** THE RECORDS **
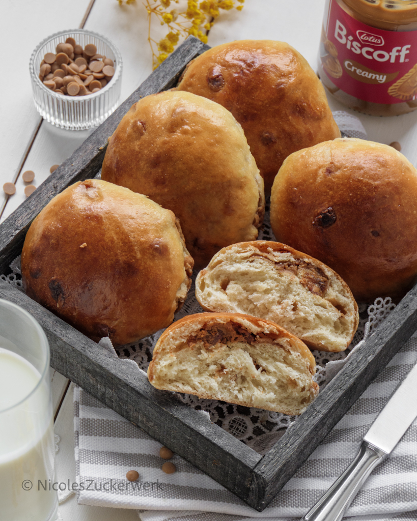 Die süßen Sauerteig-Brötchen sind mit Karamelldrops und Lotus Biscoff Creme* gefüllt. Beides kann natürlich gegen eure Lieblinge ausgetauscht oder auch ganz weg gelassen werden.
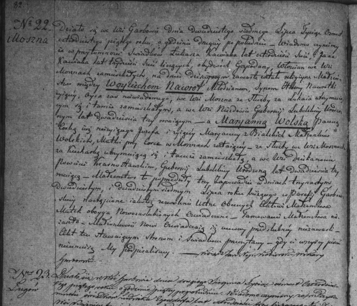 - ślub: Akt małżeństwa: Garbów (obecn. woj. lubel.), rok 1845, nr aktu 22 [indeks na http://lubgens.eu/] https://szukajwarchiwach.pl/35/1817/0/2.4/92/skan/full/qc8chM8c8dS4jYwxiSmjjw [podgląd]
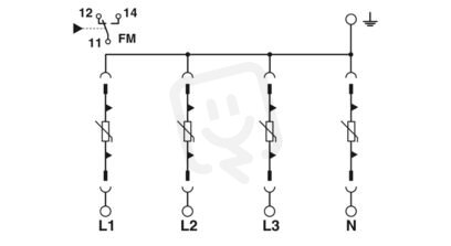 Svodič přepětí, podle UL typ 1 a podle IEC typ 2, čtyřkanálový s kontaktem dálkového hlášení, na 277/480 V AC, 4 žíly plus zem.
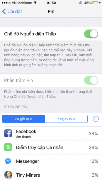 Và trong trường hợp bạn đang cần sử dụng chiếc điện thoại của mình khi nó gần hết pin, thì chế độ Low-Power có thể kích hoạt bằng tay, sẽ giúp cho chiếc iPhone 7 của bạn sụt pin chậm hơn, hoặc sẽ có thông báo yêu cầu bật tính năng này khi thiết bị xuống còn dưới 20% pin.
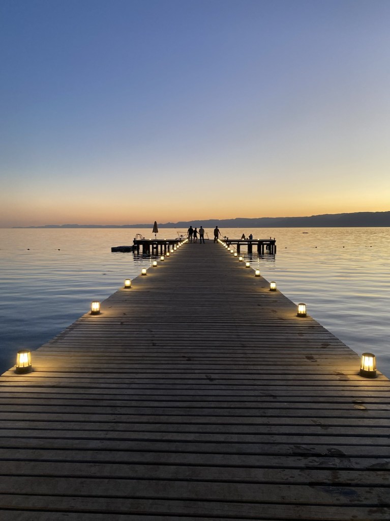 Last but not least, I can tell you to stay for sunset – they light up a fireplace in the evening, have a beautiful pier and iluminated trees that make the sunset in Aqaba over the Red Sea and mountains on here are simply magical.
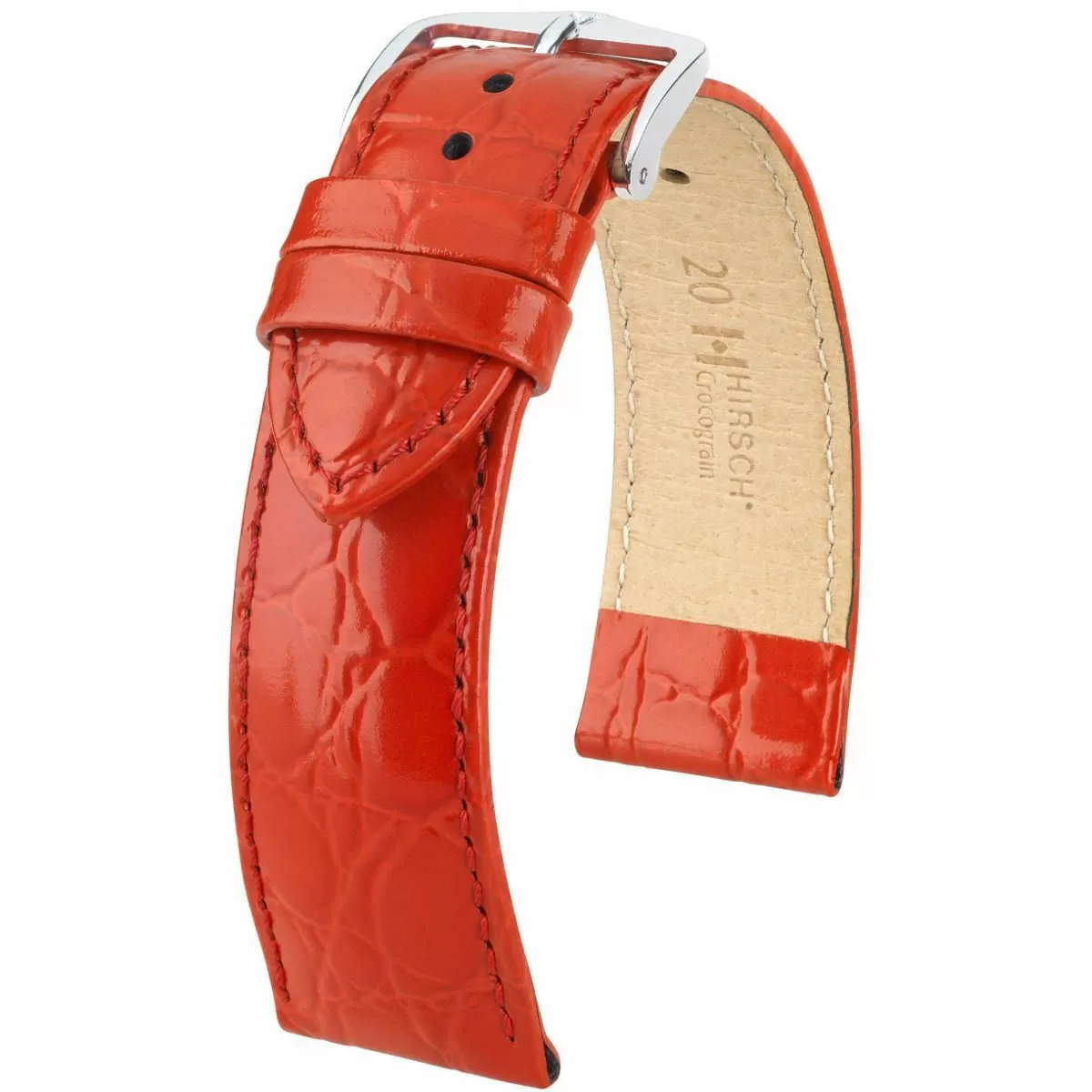 HIRSCH Czerwony pasek skórzany 20 mm HIRSCH Crocograin 12302820-2-20 (M)

** WHAT THE TASK ASKS **
Omit the pictures and return exactly the lines from the line containing "Last but not" through the final line of the material above, both ends included.

** RESPONSE BOX **
 Last but not least, I can tell you to stay for sunset – they light up a fireplace in the evening, have a beautiful pier and iluminated trees that make the sunset in Aqaba over the Red Sea and mountains on here are simply magical.
 HIRSCH Czerwony pasek skórzany 20 mm HIRSCH Crocograin 12302820-2-20 (M)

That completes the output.